温西的行为准则一向是,给了杆子就往上爬,有时不给她也能给你爬上去。妥妥的就是纵着能翻天。
所以她这会儿胆子闷肥,仗着南习不会丢她不管,笑呵呵的问:“那我下次可以窜门吗?”
“……”不可以。
南习没见到温西会忽然这么问,猛地停了步子。她皱着眉,侧脸瞧见温西眼里零零碎碎的期待时,拒接的话语到了嘴边,最终她抿了抿唇什么也没说。

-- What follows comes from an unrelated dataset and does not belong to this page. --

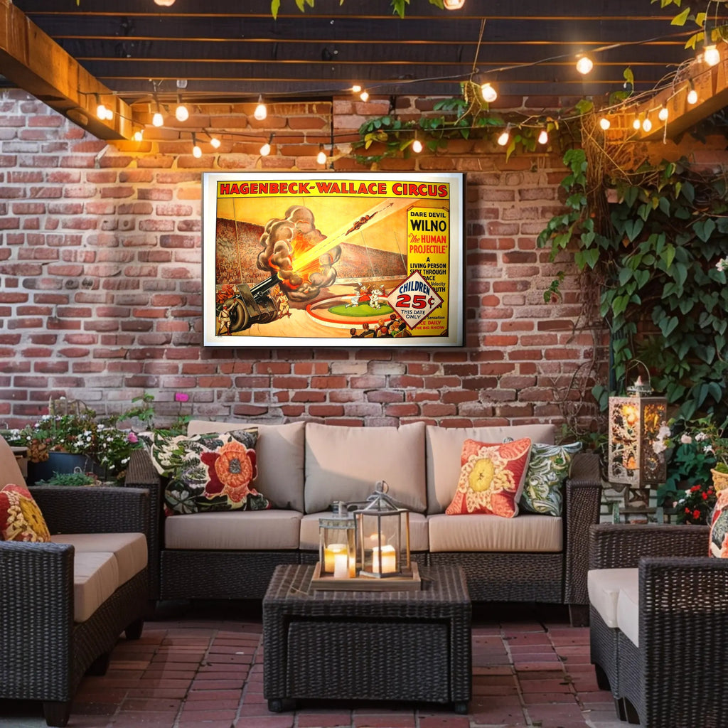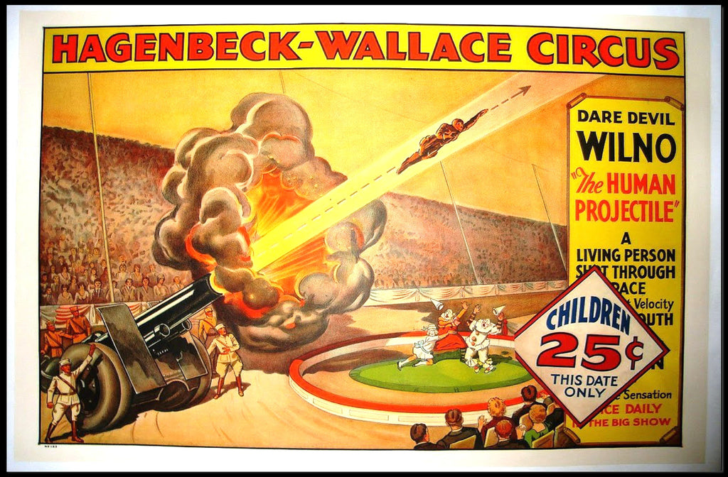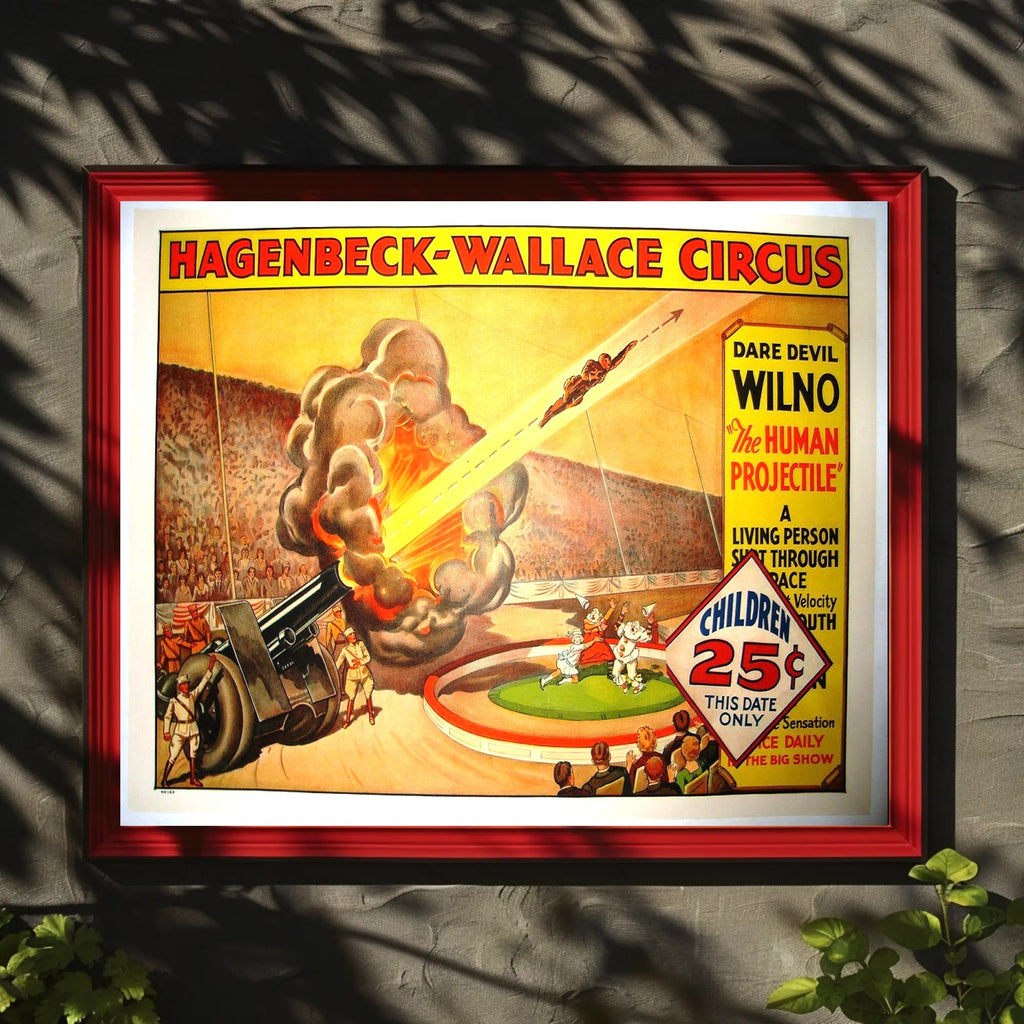 Hagenbeck-Wallace Circus – Daredevil Wilno Poster from PosterGoat brings vintage circus spectacle into your home with bold pop-art colors, striking typography, and action-packed illustration. This reproduction poster captures the dramatic moment of "Wilno — The Human Projectile" launched from a cannon, rendered in warm yellows, fiery oranges and retro reds that demand attention on any wall.

“可以吗?”温西偏开头笑了两声,并不打算就此跳过这个事。
于是她两就这样一前一后的僵持了一会,最终南习败下阵来。
南习无奈的暗叹了一口气,试探的着说:“要不你去茶馆吧,这儿不热闹。”
温西僵在原地。好半响她才转过身去,将眼底的水汽压下,只是眼尾还留着一抹不易察觉的红。
其实已经很久没人在乎过她是否喜欢热闹了。她说不上来那种感觉,就好像在外面淋雨淋习惯的人,忽然有天有人在乎了给你打了伞,哪怕只有短短片刻,也以为窥见了光。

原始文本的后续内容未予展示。